Am 4. Mai 1979 wurde Elisabeth von Dyck in Nürnberg erschossen, als sie eine illegale Wohnung der RAF betrat. Die in einem Bauwagen vor dem Haus versteckten Polizisten signalisierten den in der Wohnung wartenden Kollegen ihr Kommen über Funk. Die Nürnberger Staatsanwaltschaft wies die Strafanzeige der Eltern der Toten zurück: „Den Anzeigen gegen die Polizeibeamten wegen des Todes von Frau von Dyck am 4.5.1979 wird nicht stattgegeben, da die Beamten in Notwehr (§ 32 StGB) gehandelt haben.“ Elisabeth von Dyck starb durch einen Schuß in den Rücken.

Acht Wochen später betrat Rolf Heissler eine konspirative Wohnung der RAF in Frankfurt. Nur weil er instinktiv einen Packen mit den Samstagsausgaben mehrerer Tageszeitungen vor das Gesicht riß, drang die auf ihn abgefeuerte Kugel nicht in sein Gehirn, sondern blieb in der Stirn stecken.

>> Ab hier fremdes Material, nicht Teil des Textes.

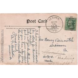Postcard featuring elderly man and woman listening to phonograph. Titled "The Edison Phonograph". 1909 postmark on reverse. Some wear and rounding on corners.
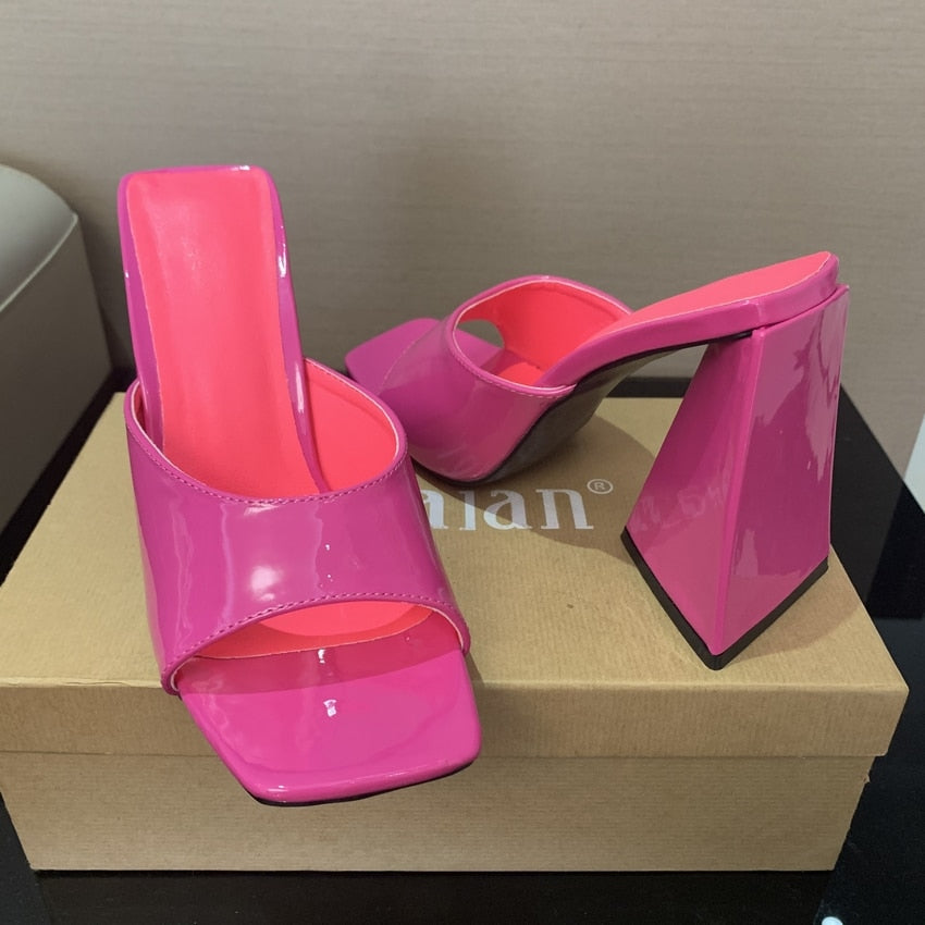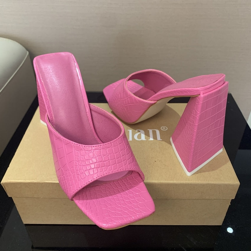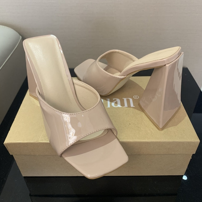 2022 Summer sandals women triangle thick mules high heels slippers sandals flip flops square toe slides party shoes woman
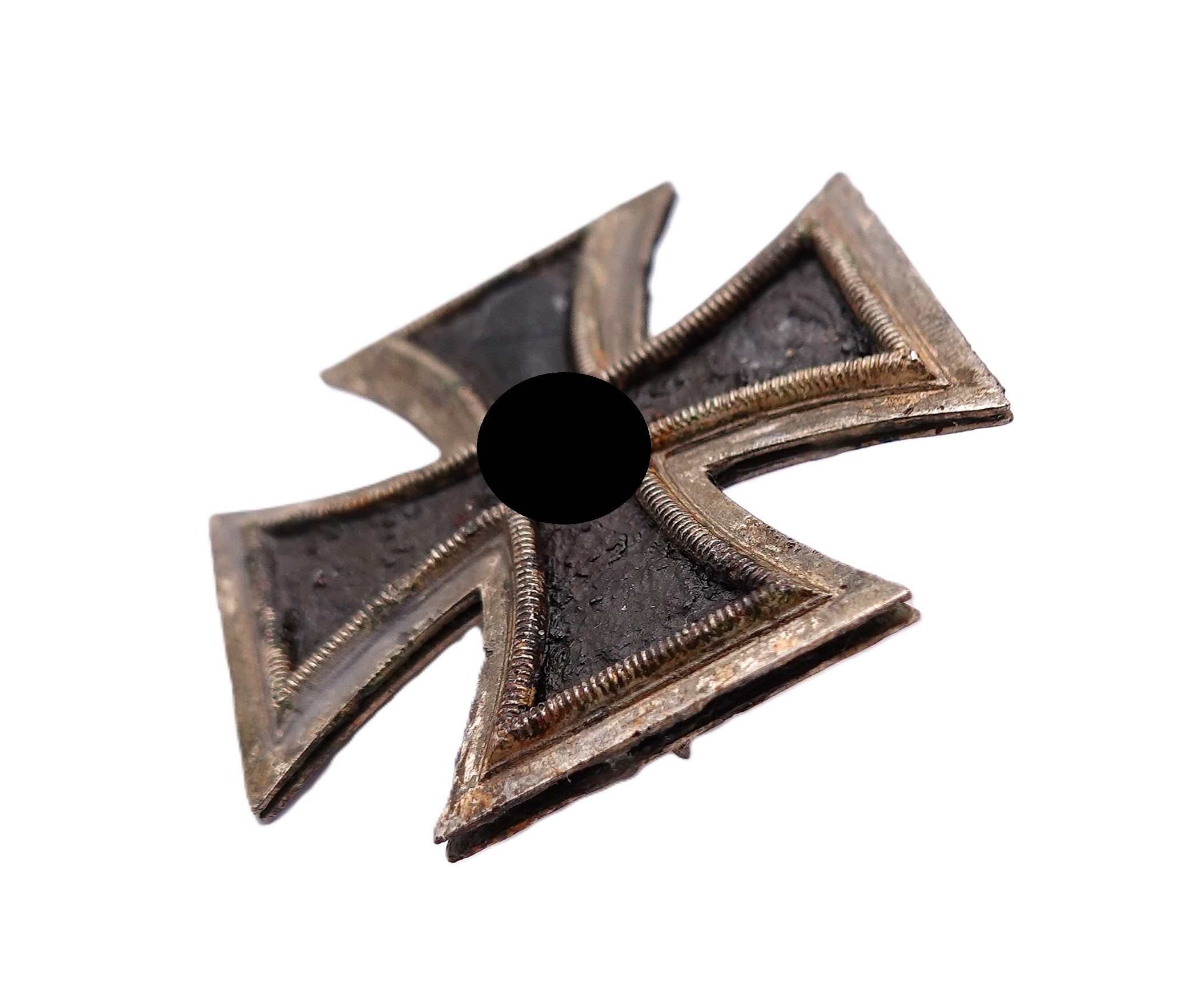 Eisernes Kreuz 1. Klasse 1939. Mit Schraubscheibe. Ohne Hersteller. Rahmen teilweise offen. Schraubscheibe läßt sich drehen. Gut erhaltener Bodenfund. Gewicht 21,3 Gramm.
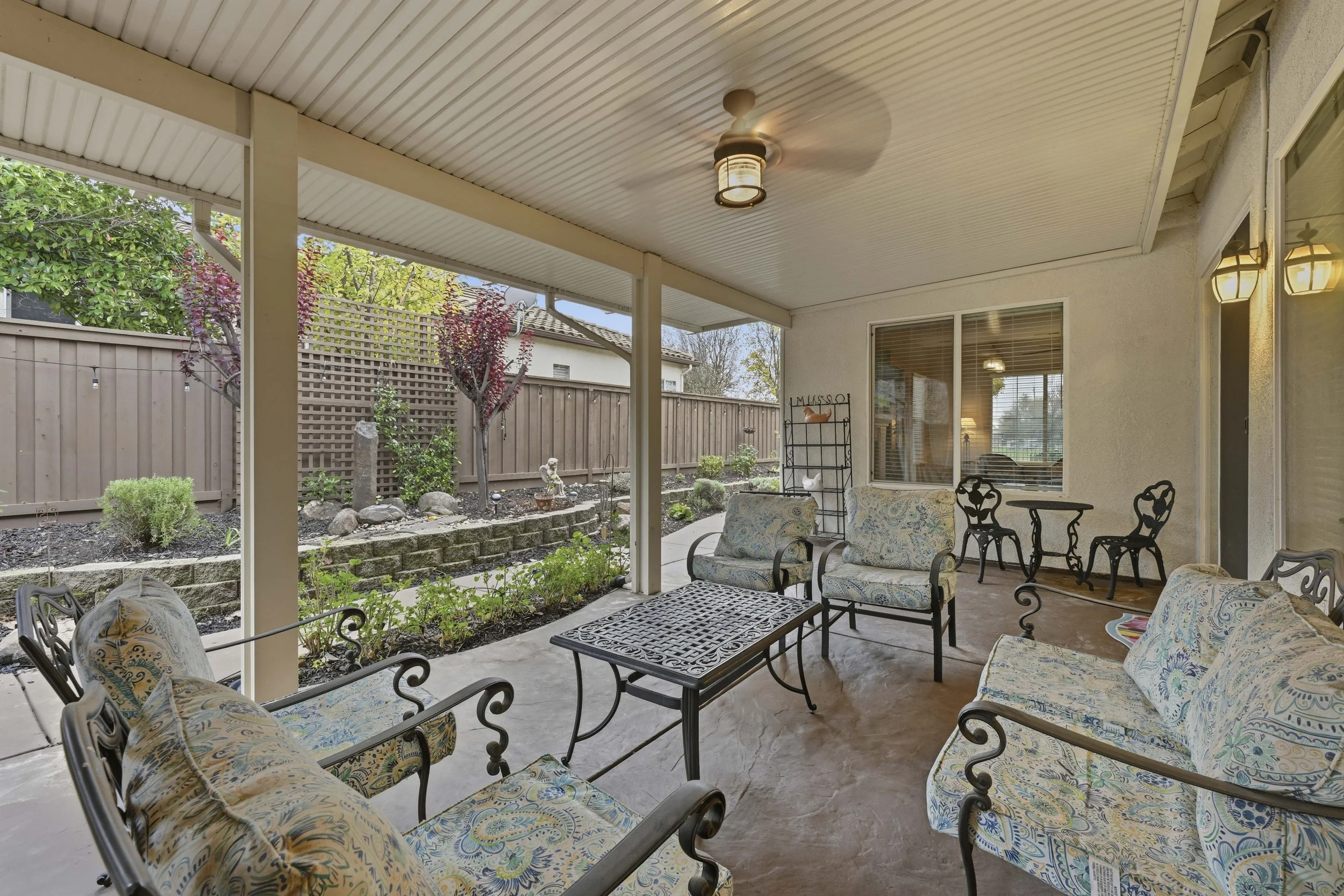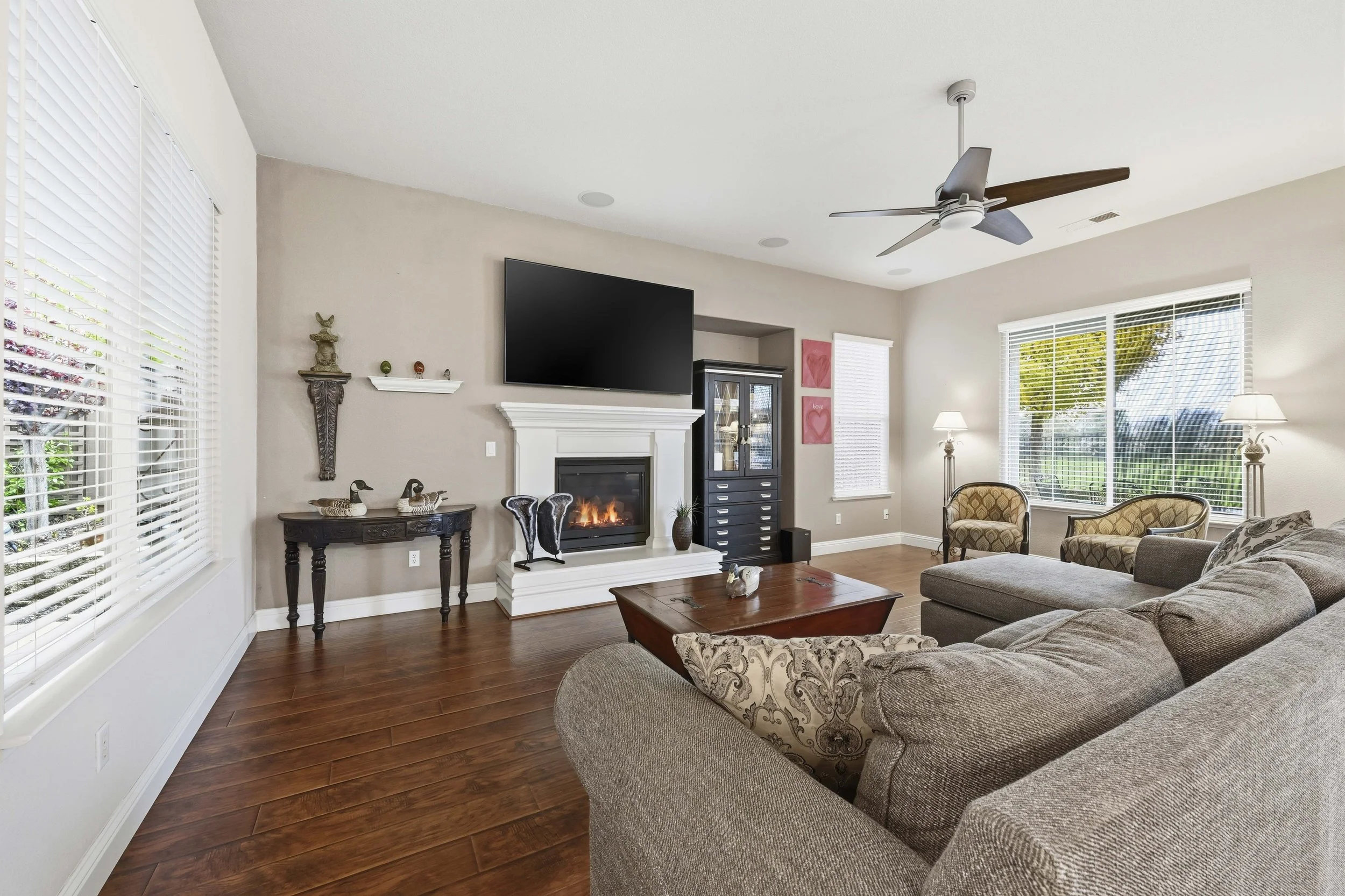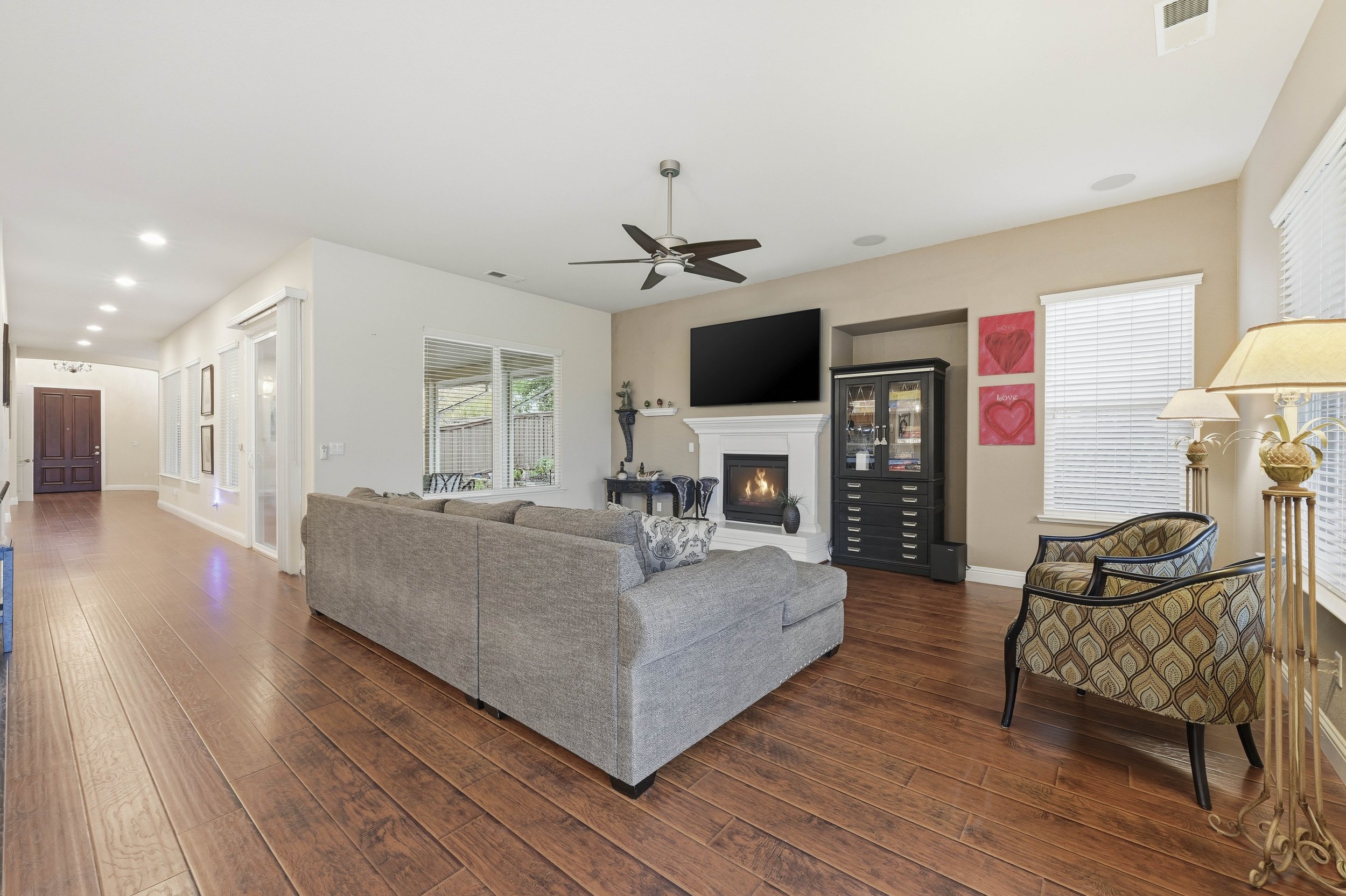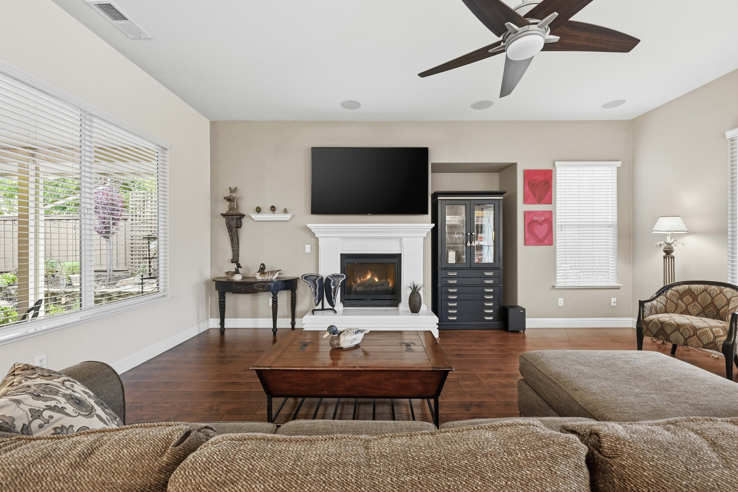 Welcome to this beautiful single-story home in the gated golf course community of Morgan Creek. This spacious 4 bed, 3 bath residence offers 3483 square feet on a .27 acre lot with a 3 car tandem garage and paid solar. The backyard is low maintenance and backs directly to the golf course, featuring a relaxing jacuzzi with a rainproof pergola, a covered side patio, and a convenient storage shed. Inside, the home showcases custom details, an extra-wide entry hallway from the front door to the back of the home, and a rare dual-suite layout designed for exceptional comfort. The main primary suite includes a sitting area, backyard access, sweeping golf course views, two walk-in closets, and a luxurious bathroom with two vanities, a makeup counter, a sunken tub, and a walk-in shower with a bench. A second private suite on the opposite side of the home offers its own bedroom, family room, walk-in closet, and full bath, ideal for guests or multigenerational living. The formal living room is thoughtfully positioned near the entry for privacy, while the formal dining room creates an elegant space for gatherings. The family room with a gas fireplace opens seamlessly to the gourmet kitchen. The kitchen features abundant cabinetry, granite counters, two islands including one plumbed for a sink, a dining bar, and a spacious breakfast area with room for a table and chairs. A hallway lined with extra cabinets provides outstanding storage throughout the home. Experience comfort, privacy, and effortless luxury in one of West Roseville's most desirable golf course communities. This exceptional property is truly a special opportunity.
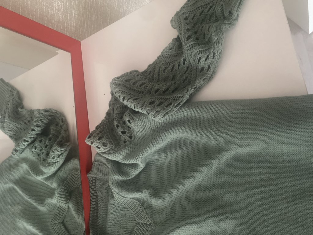 Kadın uzun kollu v yaka kol delikli baklava desen detaylı triko kazak
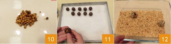 Place the caramelized hazelnuts on a tray lined with parchment paper, or on a silicon board 10, separate the hazelnuts to prevent them from sticking together as they cool. Now assemble the chocolates: take the hardened gianduia mixture, shape into balls around the size of a walnut, using a spoon or a corer. Shape a small cavity in the middle and add a caramelized hazelnut 11, then roll each piece into a ball to cover the center, place on a tray lined with parchment paper and leave in the refrigerator to harden, for 5 minutes. Take the gianduia balls and dip them in the chopped hazelnuts, to fully coat the surface 12.

Zwei Jahre nach dem Deutschen Herbst bewegte das die bundesdeutsche Öffentlichkeit nicht annähernd so sehr wie heute die Todesumstände von Wolfgang Grams. Um so mehr die RAF- Sympathisanten, darunter Birgit Hogefeld und Wolfgang Grams, der mich damals im Gefängnis besucht hatte. Seither gehört das Wort „Kill-Fahndung“ zu unserem Wortschatz.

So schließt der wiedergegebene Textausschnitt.